_WHAT YOU HAVE TO DO_. Please repeat, from the entries that follow, the lines from the one containing "Nachdem Sie ein" through the one containing "رجوع الحكومة الى" exactly, adding nothing.

_EXERCISE INPUTS_.
--- START ---
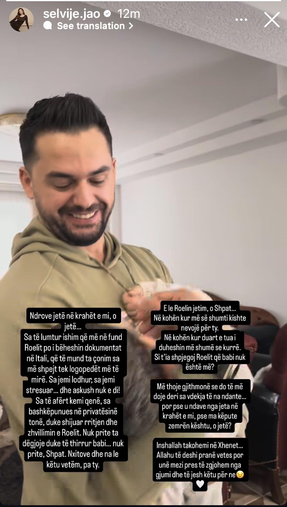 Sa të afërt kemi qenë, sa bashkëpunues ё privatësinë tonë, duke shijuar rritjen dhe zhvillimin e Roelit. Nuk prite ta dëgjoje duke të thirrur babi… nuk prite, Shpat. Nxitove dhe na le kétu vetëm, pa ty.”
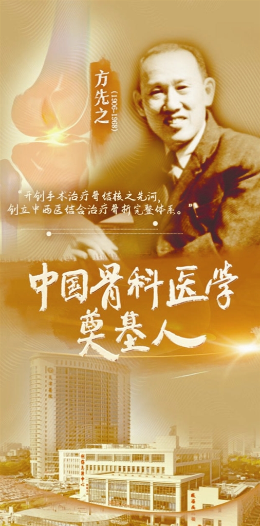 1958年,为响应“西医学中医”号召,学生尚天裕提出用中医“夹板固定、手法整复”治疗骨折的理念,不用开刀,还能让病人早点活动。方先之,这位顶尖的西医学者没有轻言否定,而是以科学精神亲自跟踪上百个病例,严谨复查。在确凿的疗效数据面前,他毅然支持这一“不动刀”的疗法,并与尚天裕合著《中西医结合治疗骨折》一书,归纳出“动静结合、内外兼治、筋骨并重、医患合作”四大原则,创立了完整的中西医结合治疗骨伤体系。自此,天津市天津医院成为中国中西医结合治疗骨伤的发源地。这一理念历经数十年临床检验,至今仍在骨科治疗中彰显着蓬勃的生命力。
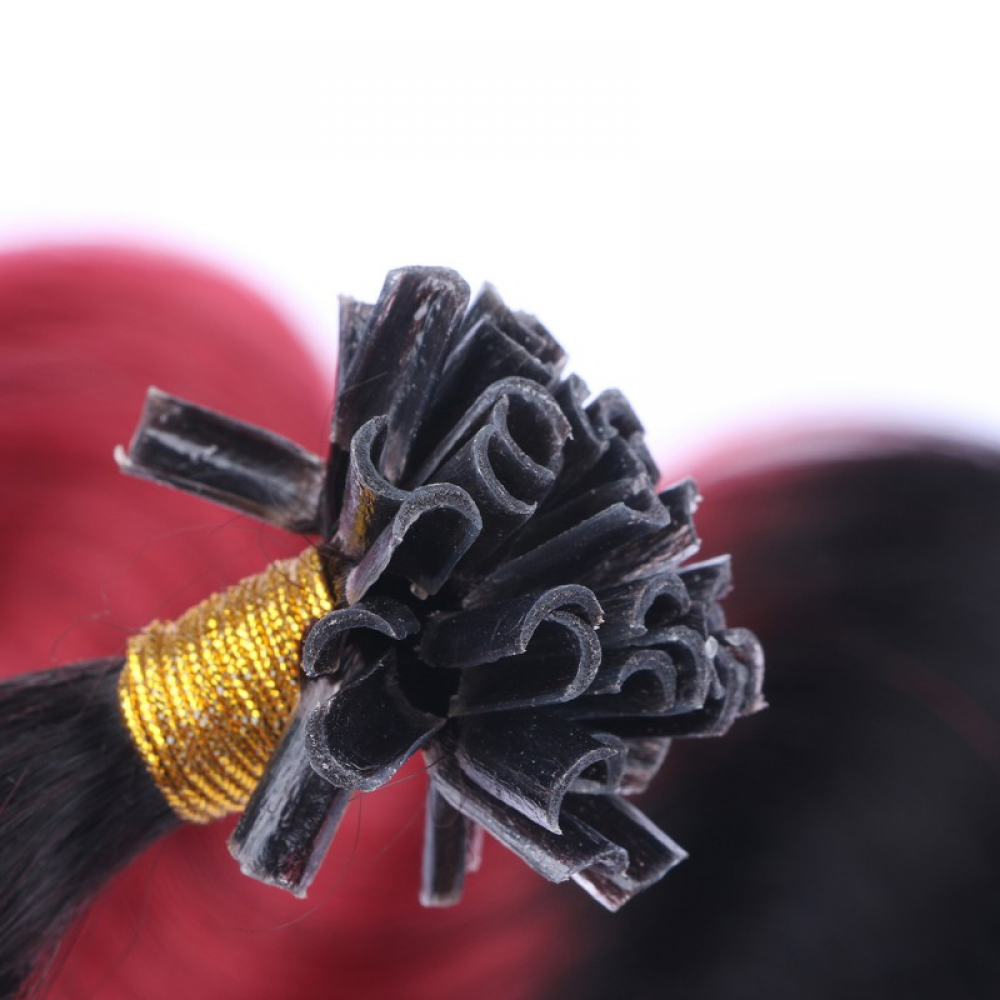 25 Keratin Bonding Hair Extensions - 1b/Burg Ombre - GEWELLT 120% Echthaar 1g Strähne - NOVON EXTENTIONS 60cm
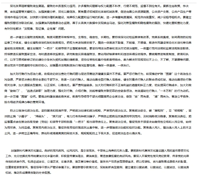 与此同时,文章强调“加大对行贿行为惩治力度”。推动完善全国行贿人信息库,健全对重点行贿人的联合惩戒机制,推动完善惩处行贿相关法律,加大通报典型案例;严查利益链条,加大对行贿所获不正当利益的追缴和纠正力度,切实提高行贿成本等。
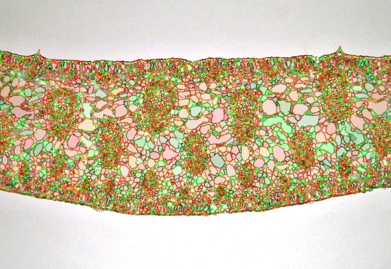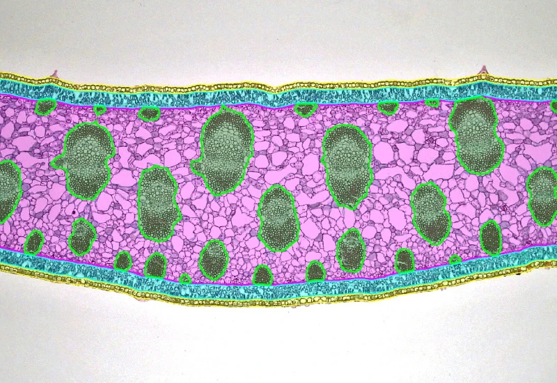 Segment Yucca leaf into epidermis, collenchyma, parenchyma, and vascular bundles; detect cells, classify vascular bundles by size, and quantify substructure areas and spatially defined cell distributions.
--- END ---
--- START ---
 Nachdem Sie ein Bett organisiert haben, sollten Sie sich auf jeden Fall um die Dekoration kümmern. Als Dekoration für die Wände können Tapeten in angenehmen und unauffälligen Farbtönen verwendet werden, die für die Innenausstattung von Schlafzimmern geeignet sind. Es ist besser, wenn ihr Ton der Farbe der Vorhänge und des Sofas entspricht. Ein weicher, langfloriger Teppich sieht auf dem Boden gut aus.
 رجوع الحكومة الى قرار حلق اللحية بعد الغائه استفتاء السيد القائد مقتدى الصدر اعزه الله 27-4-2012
--- END ---
_TASK RESULT_.
 Nachdem Sie ein Bett organisiert haben, sollten Sie sich auf jeden Fall um die Dekoration kümmern. Als Dekoration für die Wände können Tapeten in angenehmen und unauffälligen Farbtönen verwendet werden, die für die Innenausstattung von Schlafzimmern geeignet sind. Es ist besser, wenn ihr Ton der Farbe der Vorhänge und des Sofas entspricht. Ein weicher, langfloriger Teppich sieht auf dem Boden gut aus.
 رجوع الحكومة الى قرار حلق اللحية بعد الغائه استفتاء السيد القائد مقتدى الصدر اعزه الله 27-4-2012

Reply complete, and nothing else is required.